• [WHAT NEEDS TO BE DONE]
Without the pictures, write the listing below out again, line for line.

BEGIN DATA

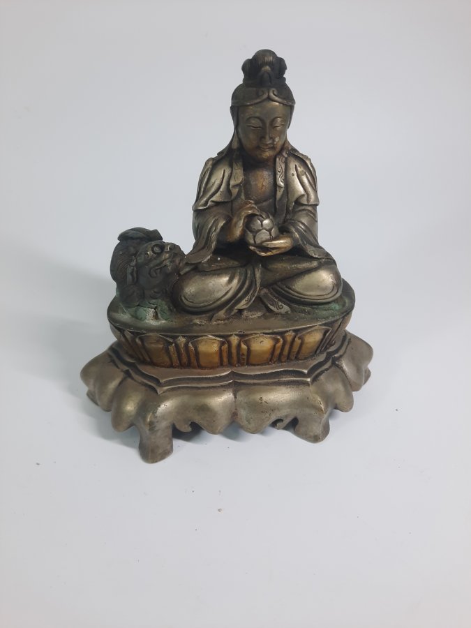 Tình trạng: tượng xưa nhũ bạc, chất liệu đồng
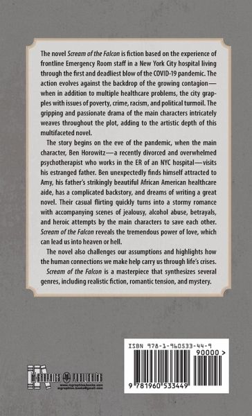 The novel Scream of the Falcon is a fiction based on the experience of frontline Emergency Room staff in a New York City hospital living through the first and deadliest blow of the COVID-19 pandemic. The action evolves against the backdrop of the growing contagion-when in addition to multiple healthcare problems, the city grapples with issues of poverty, crime, racism, and political turmoil. The gripping and passionate drama of the main characters intricately weaves throughout the plot, adding to the artistic depth of this multifaceted novel. The story begins on the eve of the pandemic, when the main character, Ben Horowitz, a recently divorced and overwhelmed psychotherapist who works in the ER of an NYC hospital, visits his estranged father. Ben unexpectedly finds himself attracted to Amy, his father's strikingly beautiful home healthcare aide, who is African American and has a complicated backstory. Amy's dream is to write a great novel. Their casual flirting quickly turns into a stormy romance with accompanying scenes of jealousy, alcohol abuse, betrayals, and heroic attempts by the main characters to save each other. Scream of the Falcon reveals the tremendous power of love, which can lead someone's life into heaven or hell. The novel also challenges assumptions and highlights how tenacity, fortitude, and the human connections we build help carry us through life's crises and make us who we were meant to become. Scream of the Falcon is a masterpiece with a unique synthesis of several genres, including realistic fiction, romantic tension, and mystery.
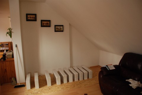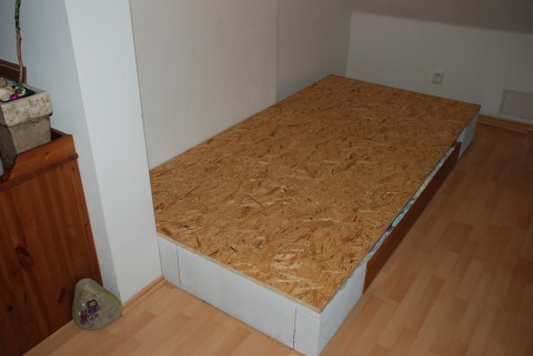 Základ jsme vytvořili z tenké OSB desky, ytongu a navrh přišla silnější OSB deska, uprostřed šuplík na uskladnění věcí:

END DATA

• [EXERCISE RESPONSE]
 Tình trạng: tượng xưa nhũ bạc, chất liệu đồng
 The novel Scream of the Falcon is a fiction based on the experience of frontline Emergency Room staff in a New York City hospital living through the first and deadliest blow of the COVID-19 pandemic. The action evolves against the backdrop of the growing contagion-when in addition to multiple healthcare problems, the city grapples with issues of poverty, crime, racism, and political turmoil. The gripping and passionate drama of the main characters intricately weaves throughout the plot, adding to the artistic depth of this multifaceted novel. The story begins on the eve of the pandemic, when the main character, Ben Horowitz, a recently divorced and overwhelmed psychotherapist who works in the ER of an NYC hospital, visits his estranged father. Ben unexpectedly finds himself attracted to Amy, his father's strikingly beautiful home healthcare aide, who is African American and has a complicated backstory. Amy's dream is to write a great novel. Their casual flirting quickly turns into a stormy romance with accompanying scenes of jealousy, alcohol abuse, betrayals, and heroic attempts by the main characters to save each other. Scream of the Falcon reveals the tremendous power of love, which can lead someone's life into heaven or hell. The novel also challenges assumptions and highlights how tenacity, fortitude, and the human connections we build help carry us through life's crises and make us who we were meant to become. Scream of the Falcon is a masterpiece with a unique synthesis of several genres, including realistic fiction, romantic tension, and mystery.
 Základ jsme vytvořili z tenké OSB desky, ytongu a navrh přišla silnější OSB deska, uprostřed šuplík na uskladnění věcí:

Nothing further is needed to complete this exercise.